━━━ Source data

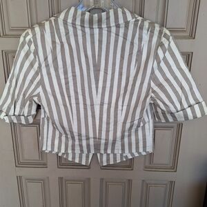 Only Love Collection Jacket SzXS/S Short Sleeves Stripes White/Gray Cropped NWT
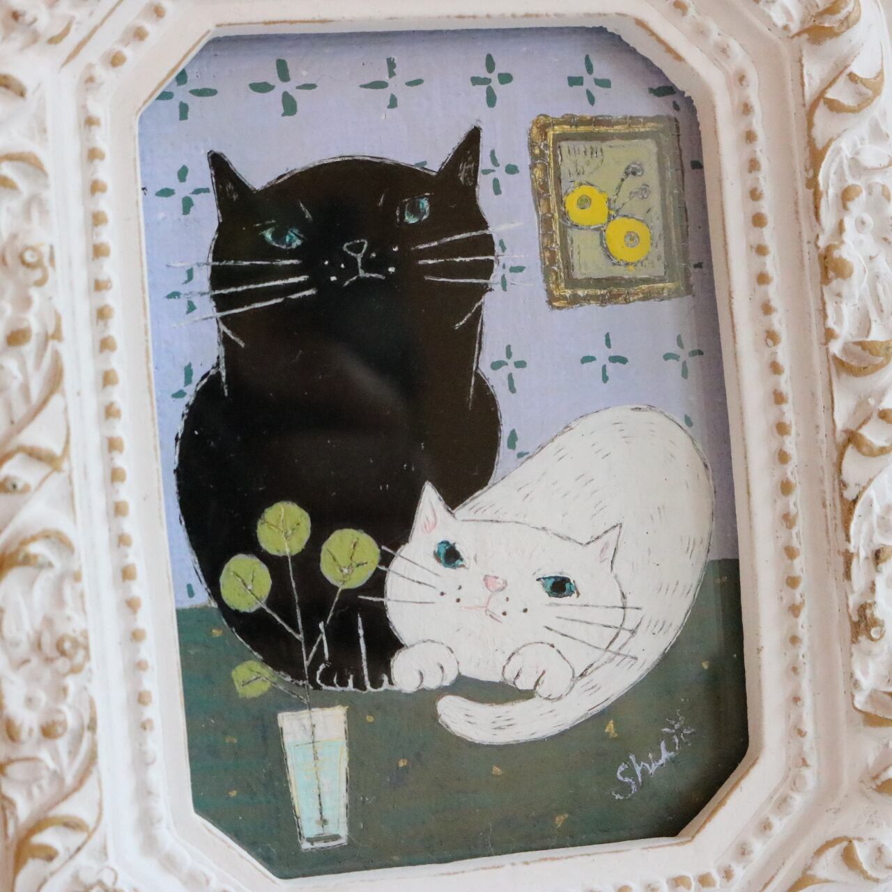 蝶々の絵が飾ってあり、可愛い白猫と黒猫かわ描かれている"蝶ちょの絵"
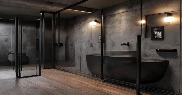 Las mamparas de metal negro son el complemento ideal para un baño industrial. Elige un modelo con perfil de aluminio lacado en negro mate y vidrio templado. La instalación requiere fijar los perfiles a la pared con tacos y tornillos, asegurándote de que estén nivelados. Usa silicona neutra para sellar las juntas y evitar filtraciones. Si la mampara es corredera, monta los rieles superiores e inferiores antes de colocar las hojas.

━━━━━━

- Instructions for the task
Set down all of the material word for word, minus its pictures.

- Output for this exercise
 Only Love Collection Jacket SzXS/S Short Sleeves Stripes White/Gray Cropped NWT
 蝶々の絵が飾ってあり、可愛い白猫と黒猫かわ描かれている"蝶ちょの絵"
 Las mamparas de metal negro son el complemento ideal para un baño industrial. Elige un modelo con perfil de aluminio lacado en negro mate y vidrio templado. La instalación requiere fijar los perfiles a la pared con tacos y tornillos, asegurándote de que estén nivelados. Usa silicona neutra para sellar las juntas y evitar filtraciones. Si la mampara es corredera, monta los rieles superiores e inferiores antes de colocar las hojas.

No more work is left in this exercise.